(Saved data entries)

■ ■ ■

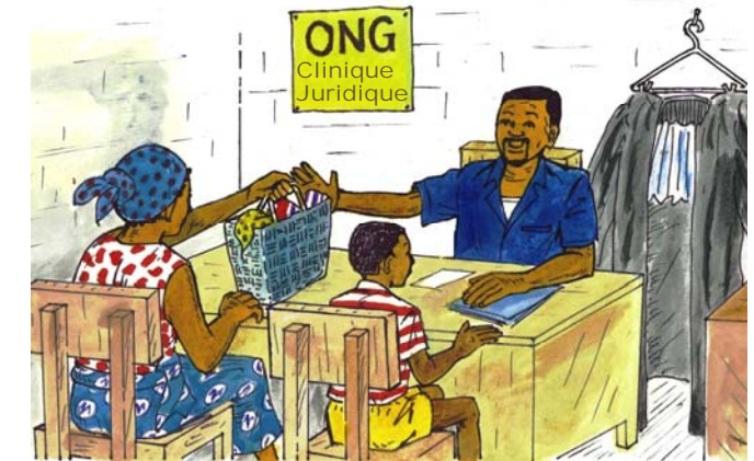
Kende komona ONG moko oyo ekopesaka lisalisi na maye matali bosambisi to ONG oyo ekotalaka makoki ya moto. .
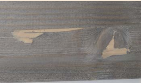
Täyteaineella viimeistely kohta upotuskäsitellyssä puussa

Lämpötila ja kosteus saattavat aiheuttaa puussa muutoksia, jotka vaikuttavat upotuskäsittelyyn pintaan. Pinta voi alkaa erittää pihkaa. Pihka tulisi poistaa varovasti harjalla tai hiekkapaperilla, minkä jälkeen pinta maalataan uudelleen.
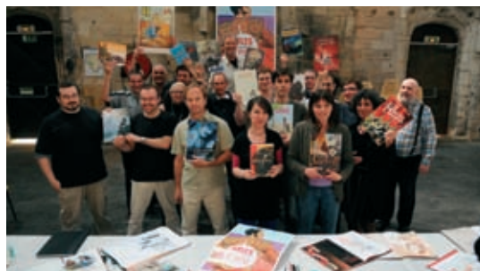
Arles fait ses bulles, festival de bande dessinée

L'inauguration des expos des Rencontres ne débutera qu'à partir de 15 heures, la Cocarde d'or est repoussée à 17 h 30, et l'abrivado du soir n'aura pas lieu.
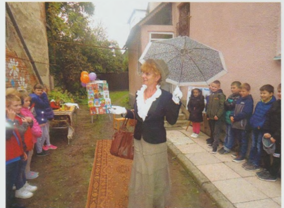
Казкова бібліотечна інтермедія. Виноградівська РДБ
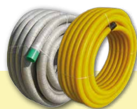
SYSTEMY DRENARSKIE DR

■ ■ ■

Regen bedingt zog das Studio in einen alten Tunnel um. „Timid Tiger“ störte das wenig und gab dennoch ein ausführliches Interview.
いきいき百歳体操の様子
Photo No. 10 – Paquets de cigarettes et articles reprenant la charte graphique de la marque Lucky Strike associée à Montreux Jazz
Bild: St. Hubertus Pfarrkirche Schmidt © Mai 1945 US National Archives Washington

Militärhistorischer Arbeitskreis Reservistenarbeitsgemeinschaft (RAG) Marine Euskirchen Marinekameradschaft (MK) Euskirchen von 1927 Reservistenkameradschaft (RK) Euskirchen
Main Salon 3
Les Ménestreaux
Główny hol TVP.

■ ■ ■

WORK REQUIRED:
Tell how many lines above include "puussa", and add no other text.

PROBLEM SOLUTION:
2